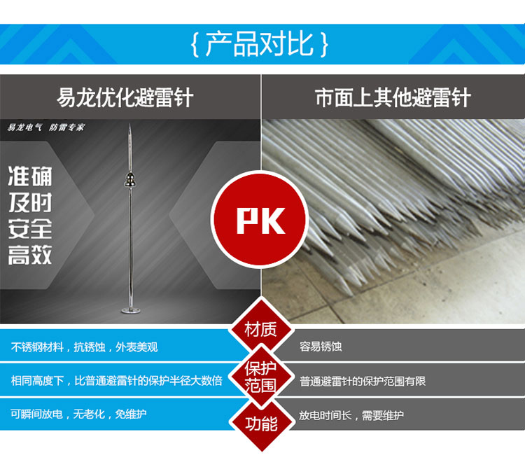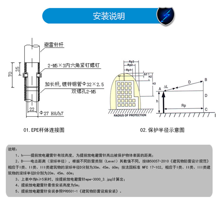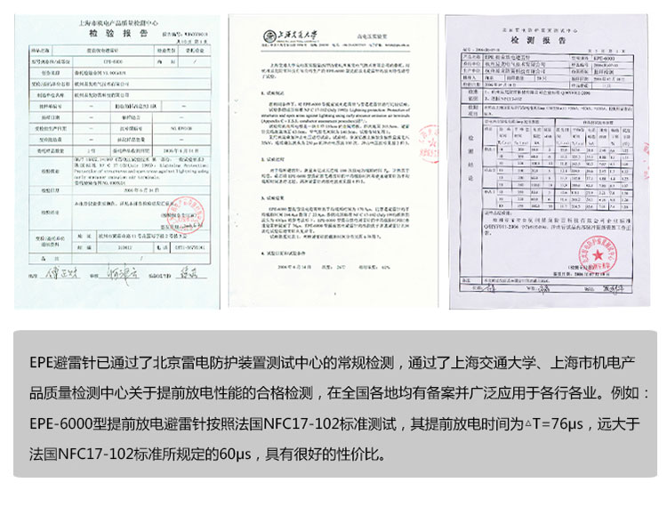EPE系列提前放電避雷針(以下簡(jiǎn)稱EPE避雷針)采用法國(guó)技術(shù),符合法國(guó)NFC17-102標(biāo)準(zhǔn)。它由三種系統(tǒng)(大氣電力電容器、高壓脈沖發(fā)送系統(tǒng)、電流泄放系統(tǒng))組成,具有雙重瞬間放電裝置,被多層的具有隔絕惡劣環(huán)境及水密性的材料所保護(hù);無(wú)老化危險(xiǎn),免維護(hù)。在相同的安裝高度下,比普通瞬間避雷針的保護(hù)半徑大數(shù)倍,搶先放電時(shí)間為30μs~60μs,即優(yōu)先引雷入地。
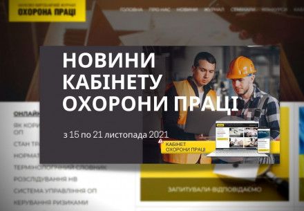 Новини КАБІНЕТУ ОХОРОНИ ПРАЦІ: з 15 по 21 листопада 2021 року
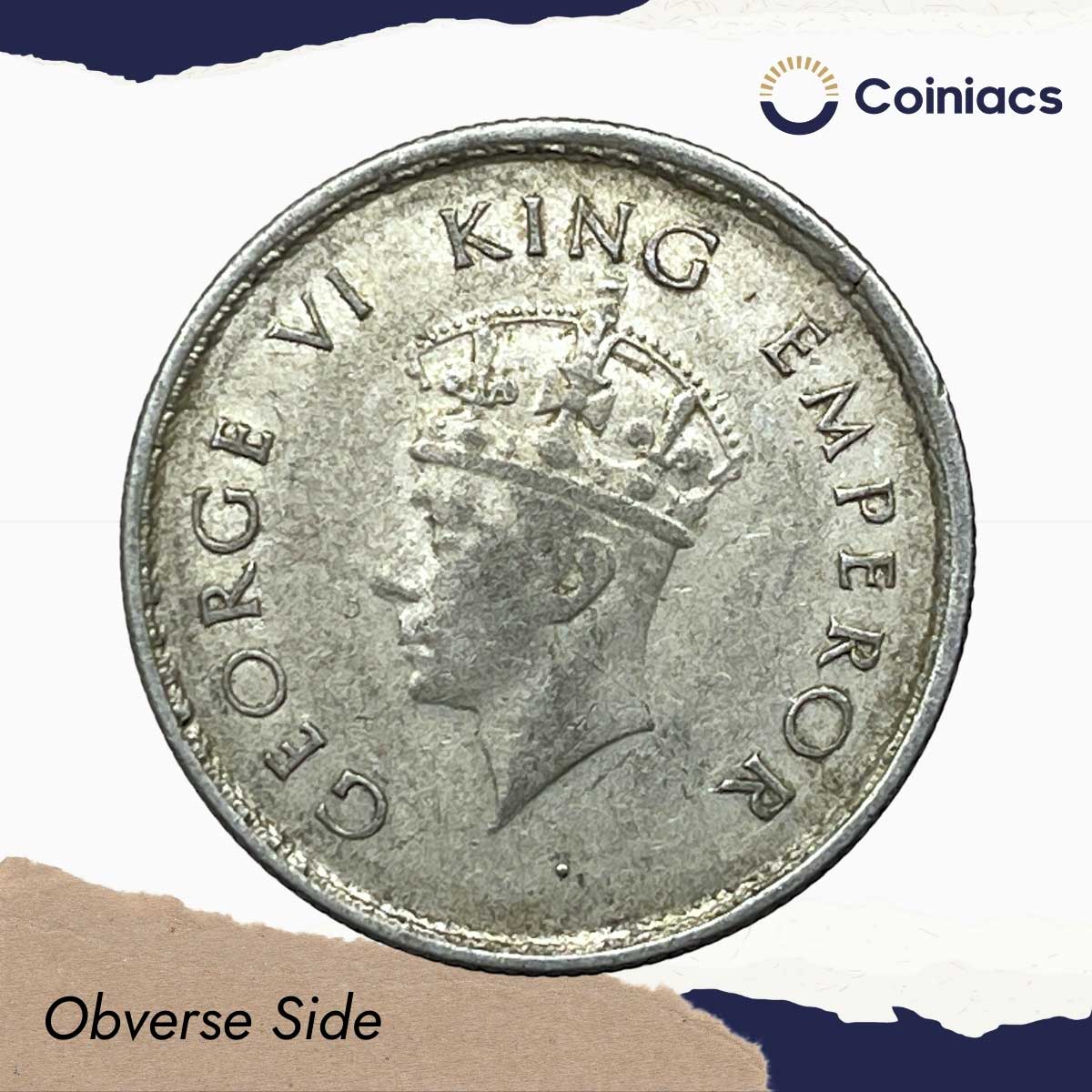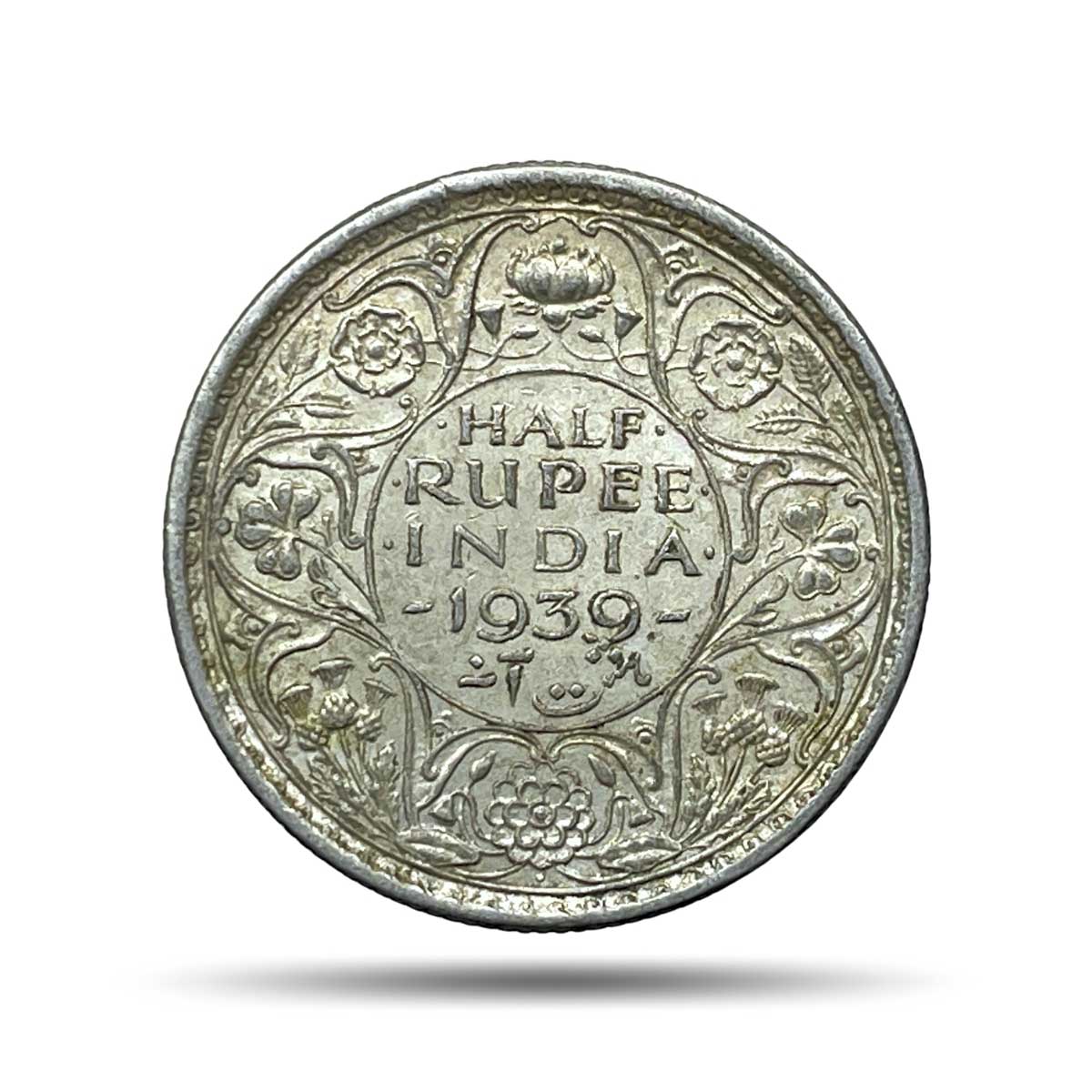 Scarce Half Rupee George VI King Emperor 1939 Bombay Mint 5.8 gms Silver Coin, British India Uniform Coinage, XF.

▶ **TASK ITEM**: Please transcribe each line above exactly, but leave the images out.

▶ **RESULT FOR THIS TASK**:
EPE系列提前放電避雷針(以下簡(jiǎn)稱EPE避雷針)采用法國(guó)技術(shù),符合法國(guó)NFC17-102標(biāo)準(zhǔn)。它由三種系統(tǒng)(大氣電力電容器、高壓脈沖發(fā)送系統(tǒng)、電流泄放系統(tǒng))組成,具有雙重瞬間放電裝置,被多層的具有隔絕惡劣環(huán)境及水密性的材料所保護(hù);無(wú)老化危險(xiǎn),免維護(hù)。在相同的安裝高度下,比普通瞬間避雷針的保護(hù)半徑大數(shù)倍,搶先放電時(shí)間為30μs~60μs,即優(yōu)先引雷入地。
 Новини КАБІНЕТУ ОХОРОНИ ПРАЦІ: з 15 по 21 листопада 2021 року
 Scarce Half Rupee George VI King Emperor 1939 Bombay Mint 5.8 gms Silver Coin, British India Uniform Coinage, XF.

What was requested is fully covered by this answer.